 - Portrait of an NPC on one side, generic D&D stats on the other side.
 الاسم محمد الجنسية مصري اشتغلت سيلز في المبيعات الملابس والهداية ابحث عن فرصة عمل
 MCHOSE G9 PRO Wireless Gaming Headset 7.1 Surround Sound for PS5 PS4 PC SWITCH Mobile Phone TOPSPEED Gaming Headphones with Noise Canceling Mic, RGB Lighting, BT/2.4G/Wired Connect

* * *

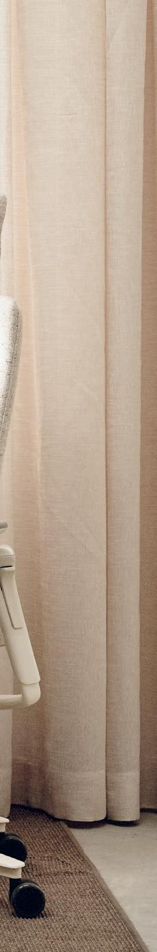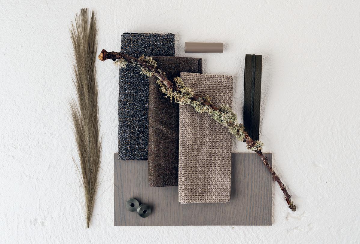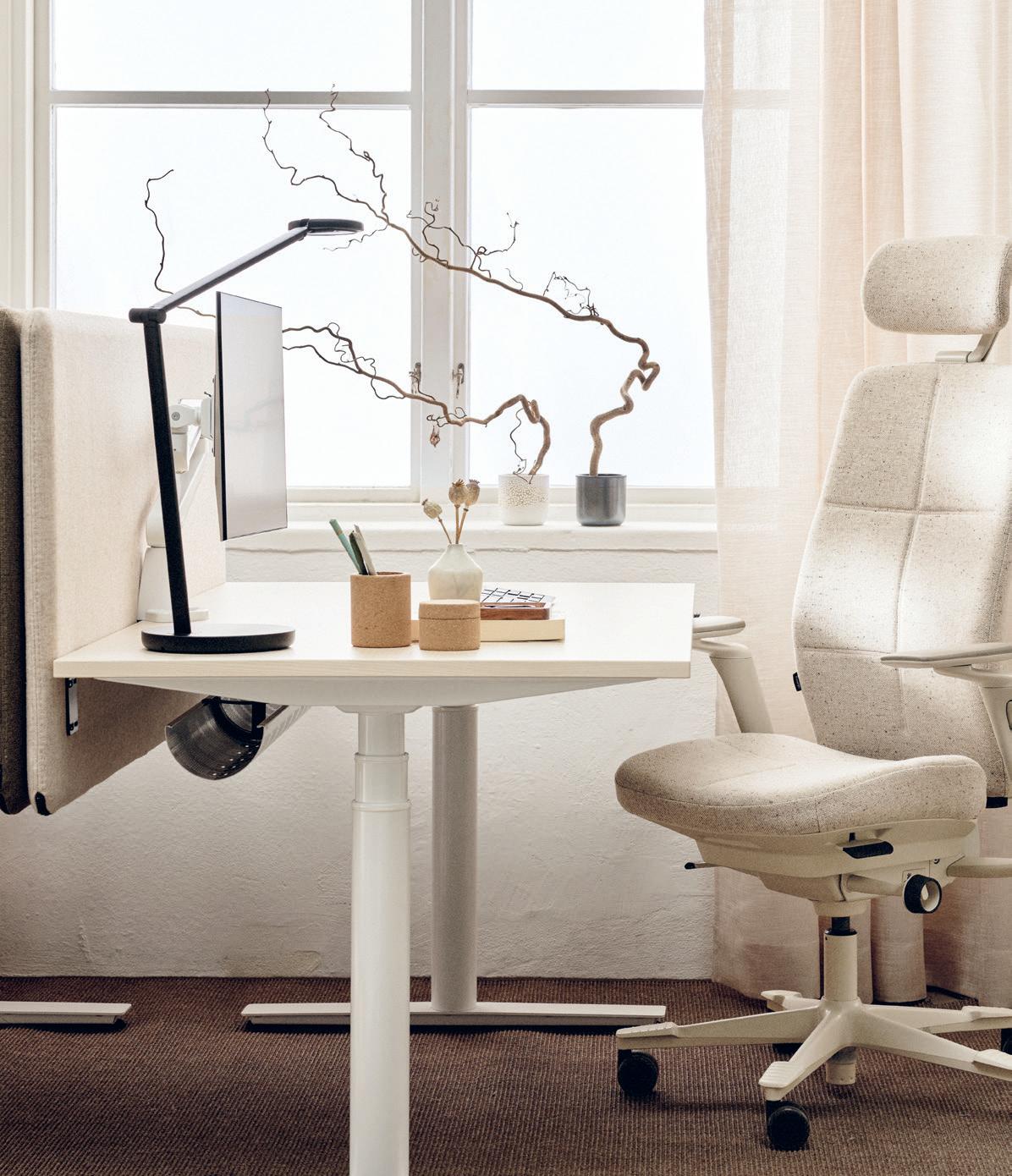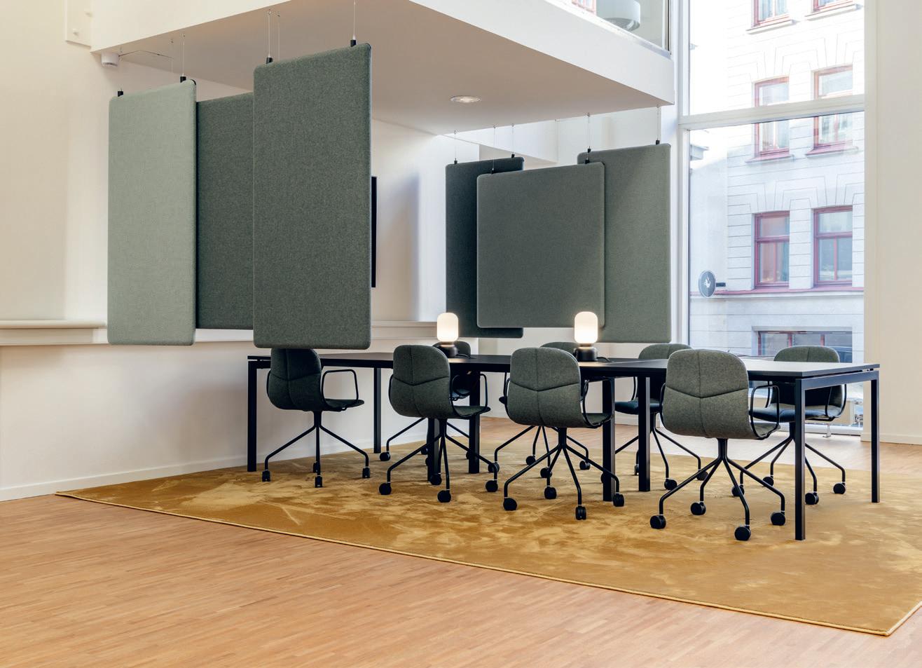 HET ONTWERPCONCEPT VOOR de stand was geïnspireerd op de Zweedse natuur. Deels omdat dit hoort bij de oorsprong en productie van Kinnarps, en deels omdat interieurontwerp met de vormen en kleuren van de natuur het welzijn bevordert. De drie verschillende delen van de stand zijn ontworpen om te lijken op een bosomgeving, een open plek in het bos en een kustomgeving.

▸ **Assignment**
The required output is every line above from the one with "الاسم محمد الجنسية" down to the one with "MCHOSE G9 PRO", restated word for word, ends included.

▸ **Result of this exercise**
 الاسم محمد الجنسية مصري اشتغلت سيلز في المبيعات الملابس والهداية ابحث عن فرصة عمل
 MCHOSE G9 PRO Wireless Gaming Headset 7.1 Surround Sound for PS5 PS4 PC SWITCH Mobile Phone TOPSPEED Gaming Headphones with Noise Canceling Mic, RGB Lighting, BT/2.4G/Wired Connect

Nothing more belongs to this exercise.